As humanists asking humanistic questions, our networks tend to be more complex than the sort originally explored in network science. We don’t just have people connected to people or websites to websites, we’ve got people connected to institutions to authored works to ideas to whatever else, and we want to know how they all fit together. Cue the multimodal network, or a network that includes several types of nodes (people, books, places, etc.).
I’m going to pick on Elijah Meeks’ map of of the DH2011 conference, because I know he didn’t actually use it to commit the sins I’m going to discuss. His network connected participants in the conference with their institutional affiliations and the submissions they worked on together.
From a humanistic perspective, and especially from a Latourian one, these multimodal networks make a lot of sense. There are obviously complex relationships between many varieties of entities, and the promise of networks is to help us understand these relationships. The issue here, however, is that many of the most common metrics you’ll find in tools like Gephi were not created for multimodal networks, and many of the basic assumptions of network research need to be re-aligned in light of this type of use.
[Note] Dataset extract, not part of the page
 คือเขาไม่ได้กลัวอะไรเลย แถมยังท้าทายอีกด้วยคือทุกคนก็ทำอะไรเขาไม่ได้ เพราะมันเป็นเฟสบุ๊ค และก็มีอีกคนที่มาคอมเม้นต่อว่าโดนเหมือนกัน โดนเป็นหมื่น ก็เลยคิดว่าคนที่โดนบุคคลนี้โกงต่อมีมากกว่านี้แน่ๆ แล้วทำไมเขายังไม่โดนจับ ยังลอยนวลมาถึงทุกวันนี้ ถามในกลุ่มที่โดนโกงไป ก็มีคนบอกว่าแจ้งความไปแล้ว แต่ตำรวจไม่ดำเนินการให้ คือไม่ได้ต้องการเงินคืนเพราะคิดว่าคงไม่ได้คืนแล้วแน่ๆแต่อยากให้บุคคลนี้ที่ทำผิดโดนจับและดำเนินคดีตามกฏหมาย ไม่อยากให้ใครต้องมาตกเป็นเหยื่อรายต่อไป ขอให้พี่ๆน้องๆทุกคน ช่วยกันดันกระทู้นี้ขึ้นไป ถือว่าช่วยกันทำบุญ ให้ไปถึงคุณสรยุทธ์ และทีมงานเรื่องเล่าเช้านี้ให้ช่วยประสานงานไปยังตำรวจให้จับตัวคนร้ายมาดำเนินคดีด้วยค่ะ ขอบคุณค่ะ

Let’s take the local clustering coefficient as an example. It’s a measurement often used to see if a particular node spans several communities, and it’s calculated by seeing how many of a node’s connections are connected to each other. More concretely, if all of my friends were friends with one another, I would have a high local clustering coefficient; if, however, my friends tended not to be friends with one another, and I was the only person in common between them, my local clustering coefficient would be quite low. I’d be the bridge holding the disparate communities together.
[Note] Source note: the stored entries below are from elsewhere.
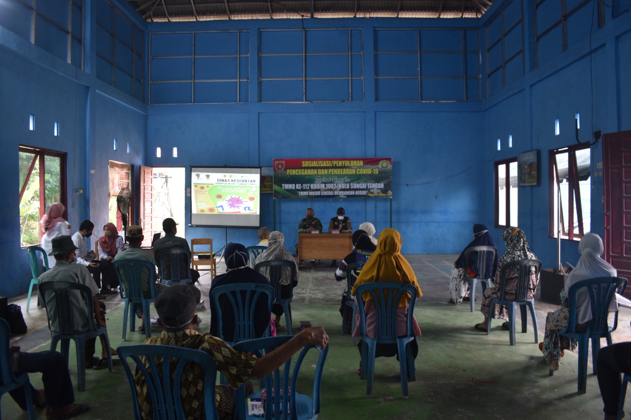 BARABAI- Memasuki Hari ke-20 pelaksanaan TNI Manunggal Membangun Desa (TMMD) ke-112 Kodim 1002/Hulu Sungai Tengah di Desa Rantau Keminting kec.Labuan Mas Utara Kab.HST dilaksanakan penyuluan tentang pencegahan dan penularan covid-19.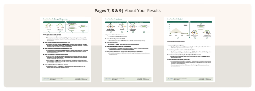To increase your confidence and help you focus on the key takeaways from the DUTCH report, Precision Analytical has reintroduced comments pages into new pages titled “About Your Results”. These pages provide an interpretive framework to accompany the new Hormone Testing Summary page, including twelve assessments that prioritize the most critical aspects of estrogen, progesterone (for women), androgens, and cortisol balance.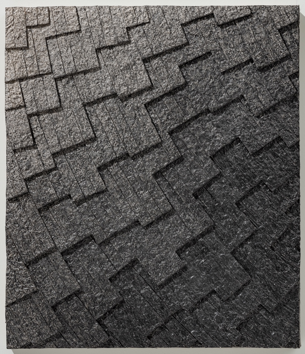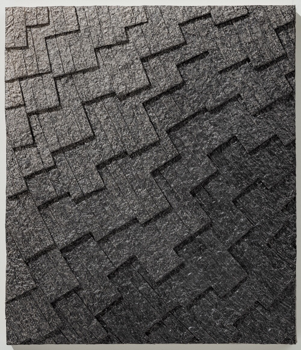 다시말해 기존에 존재해온 것을 無로 되돌리고, 무한한 가능성을 지닌채 태동하는 無는 외부적 영향의 개입으로 전혀 다른 有로서 탄생할 수 있음을 설명하는 것입니다. 작업에서 보여지는 종이 조각들은 보편적 기준에서 벗어난 또 다른 有입니다. 작가는 종이 조각들을 캔버스 화면에 채우며 그 위에 흑연을 칠하고 털어내거나 사포로 긁어내고, 때로는 색을 입히기도 합니다. 작가의 실험 의지는 다양한 형태의 이미지로 나타지만 어떠한 의미도 강요하지 않습니다. 화면을 가득 채우지만 그 끝은 역시 낯선 화면으로서의 無이기 때문입니다. 작가의 고민과 노동을 담아낸 추상적 이미지는 관람자에게 어떠한 사유를 불러일으켜 사색의 시간으로 인도하며 내면과의 소통, 즉 有에 도달하기 위해 도움을 주는 길잡이와 같은 역할을 합니다.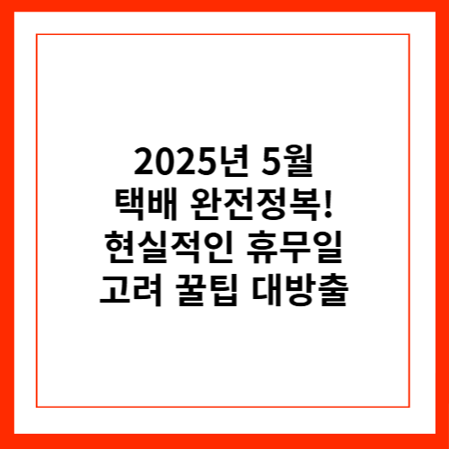 2025년 5월, 황금연휴를 앞두고 택배 대란이 걱정되시나요? 단순히 휴무일 정보만 아는 것으로는 부족합니다! 오늘은 현실적인 부분을 고려하여 2025년 5월 택배 운영 상황을 예측하고, 슬기롭게 대처하는 방법을 알려드릴게요. 택배 스트레스 없이 행복한 5월을 보내실 수 있도록 꼼꼼하게 준비했습니다! 🎁

If you study the DH2011 network, the problem should become clear: local clustering coefficient is meaningless in multimodal networks. If people are connected to institutions and conference submissions, but not to one another, then everyone must have the same local clustering coefficient: zero. Nobody’s immediate connections are connected to each other, by definition in this type of network.
Local clustering coefficient is an extreme example, but many of the common metrics break down or mean something different when multiple node-types are introduced to the network. People are coming up with ways to handle these networks, but the methods haven’t yet made their way into popular software. Yet another reason that a researcher should have a sense of how the algorithms work and how they might interact with their own data.
No Network Zone
The previous examples pointed out when networks might be used inappropriately, but there are also times when there is no appropriate use for a network. This isn’t so much based on data (most data can become a network if you torture them enough), but on research questions. Networks seem to occupy a similar place in the humanities as power laws do in computational social sciences: they tend to crop up everywhere regardless of whether they actually add anything informative. I’m not in the business of calling out poor uses of networks, but a good rule of thumb on whether you should include a network in your poster or paper is to ask yourself whether its inclusion adds anything that your narrative doesn’t.
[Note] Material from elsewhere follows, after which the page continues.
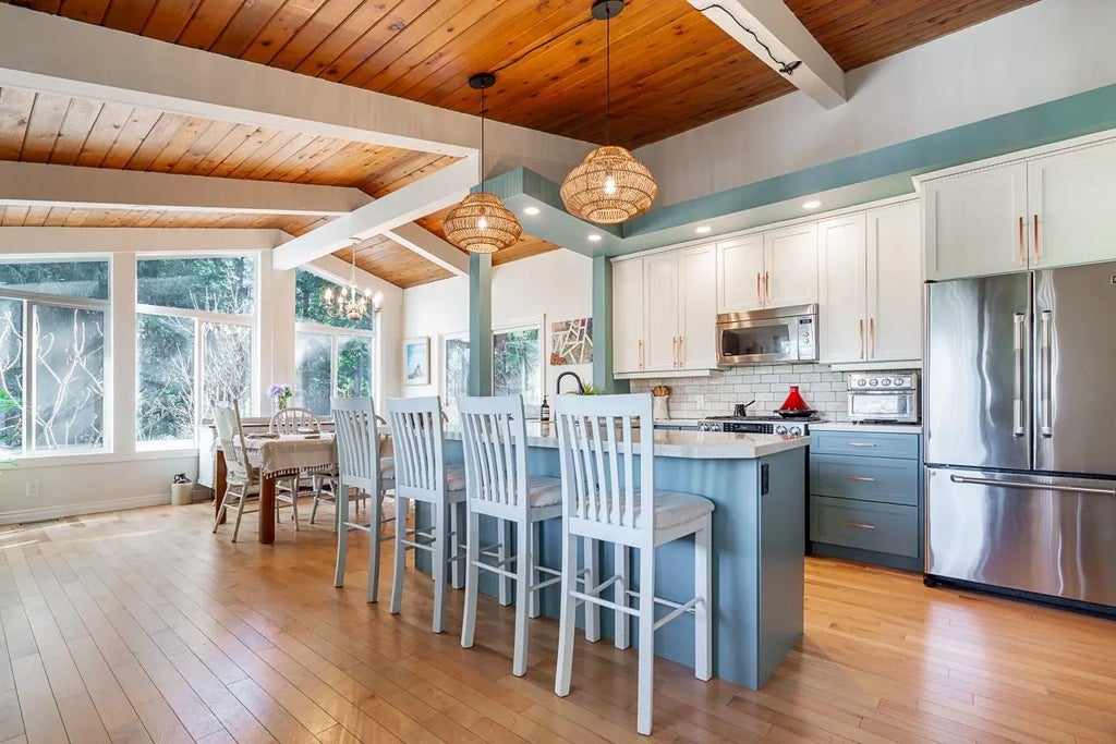 Priced well below assessed value and move in ready! Discover this beautifully updated 4 Bed + office, 2.5 bath home, tucked away on a peaceful no-through road & backing onto a quiet laneway. Enjoy TOTAL privacy in your expansive, treed, S facing yard, perfect for relaxation & entertaining. Vaulted ceilings, oak floors, and large windows fill the home with natural light, offering peaceful mountain views from the living room & kitchen. Just a 10-minute walk to SkyTrain & 15 minutes to the village. Live in comfort in this gorgeous family home for years to come. Easily suite the basement, or look forward to cashing in on the TOA 3 zoning down the road. Endless possibilities here! The huge downstairs bedroom is currently used as a rec/media room.

Alternatively, it’s also not uncommon to see over-explanations of networks, especially network visualizations. A narrative description isn’t always the best tool for conveying information to an audience; just as you wouldn’t want to see a table of temperatures over time when a simple line chart would do, you don’t want a two-page description of communities in a network when a simple visualization would do.
This post is a bit less concise and purposeful than the others in this series, but stay-tuned for a revamped (and hopefully better) version to show up in The Historian’s Macroscope. In the meantime, as always, comments are welcome and loved and will confer good luck on all those who write them.